I believe the people behind this film have an exceedingly shaky grasp of British-Chinese trade relations in the 19th century.

It pains me to say bad things about a Tim Burton film, but I really, really hated the heavy-handed "and then the heroine learns to stand up for herself and Become A Man^WWoman" bookending for that.

Also, the 3D was woeful.

The 3D was awful, mainly because the movie wasn't meant to be 3D in the first place, it was added on post production. At least that's what I heard. Like the Clash of the Titan's remake.

I've heard suggestions the industry may be starting to realise that cheap-and-nasty post-production "3D" is in danger of giving the technology a bad name. I certainly hope they're learning that lesson.

That wasn't even the biggest problem with "Alice in Wonderland". The biggest problem was that it was a movie with a coherent plot, an easily-identifiable hero and an easily-identifiable villain. For any other story that would be perfectly okay, but for Alice in Wonderland? That's an unforgivable blunder.

The Alice universe is entirely dream-based, so it's more-or-less required to be entirely non-sequiturs with people doing more-or-less senseless things that add up to a plot merely by a sort of escalation. The fact that everything in Tim Burton's movie happened as a direct consequence of something that happened beforehand made it a failure as an adapation--or even a derived work--of the original Alice stories.
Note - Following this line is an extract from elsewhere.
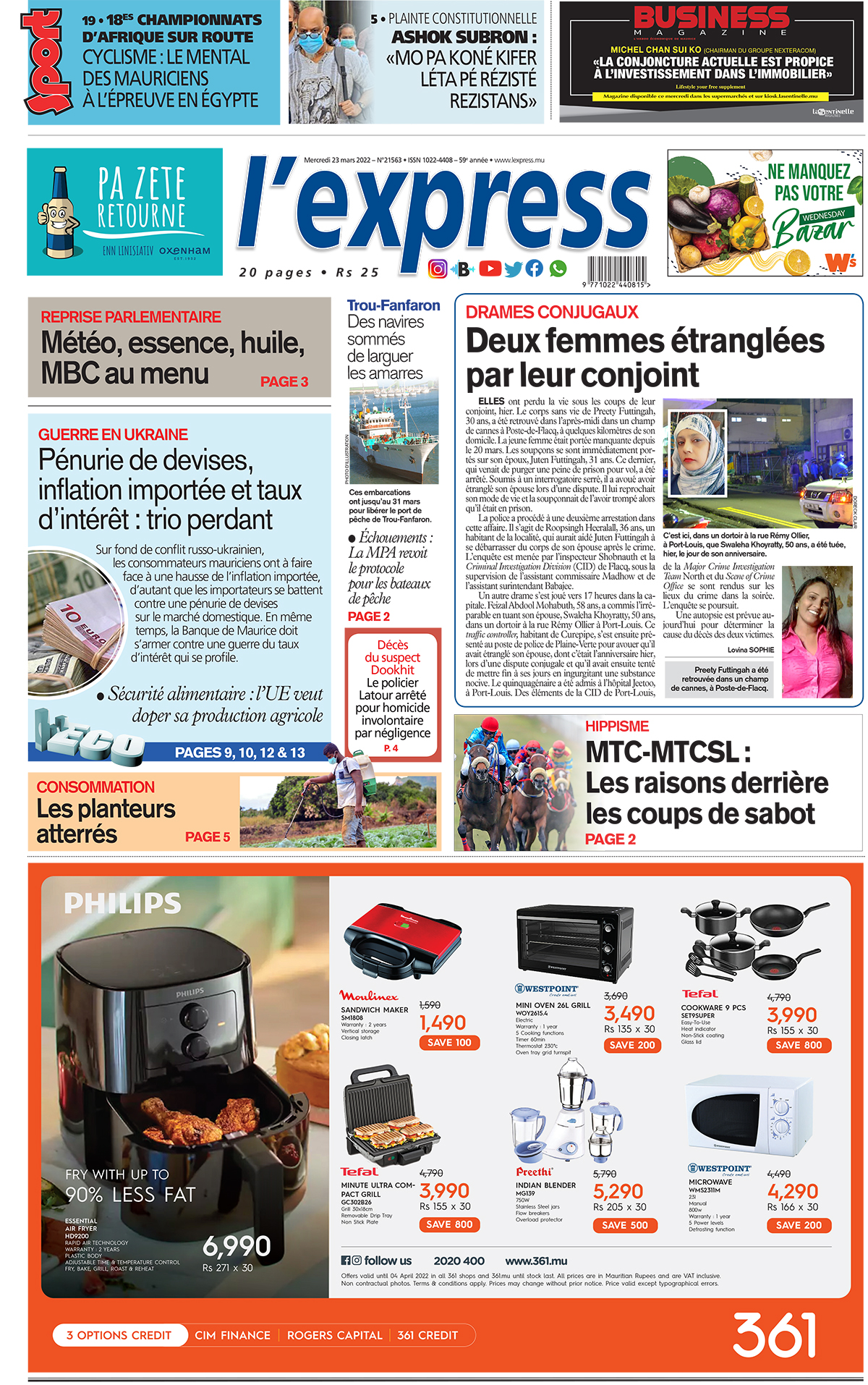 En une de l'express: Drames conjugaux : Deux femmes étranglées par leur conjoint ; Autre titre: MTC-MTCSL : Les raisons derrière les coups de sabot.

Also, I definitely agree with you that the 3D sucked.

The odd thing is, as far as I can tell, that seems to have been Burton's purpose in making the movie. He disliked Alice because it had no plot, so he gave it one.

It's a lot like the join-everything-into-one-shared-world impulse in elderly science-fiction writers.

I will forgive a lot of adaptation if the end result is, in itself, a good story. I thought both 'Where The Wild Things Are' and 'Talented Mr. Ripley' were good movies, even though they were a long way from their parents in mood. I felt some of the changes to LotR improved on Tolkien's story, and others were appropriate for turning a book into a film (others, I could have done without).

So I wouldn't have minded that Burton turned Alice into Hero's Journey, except that it was a bad hero's journey (albeit with some lovely visual design).

with people doing more-or-less senseless things

Not entirely senseless; an awful lot of it is metaphor for various philosophical arguments, but I never expected that part of it to survive adaptation.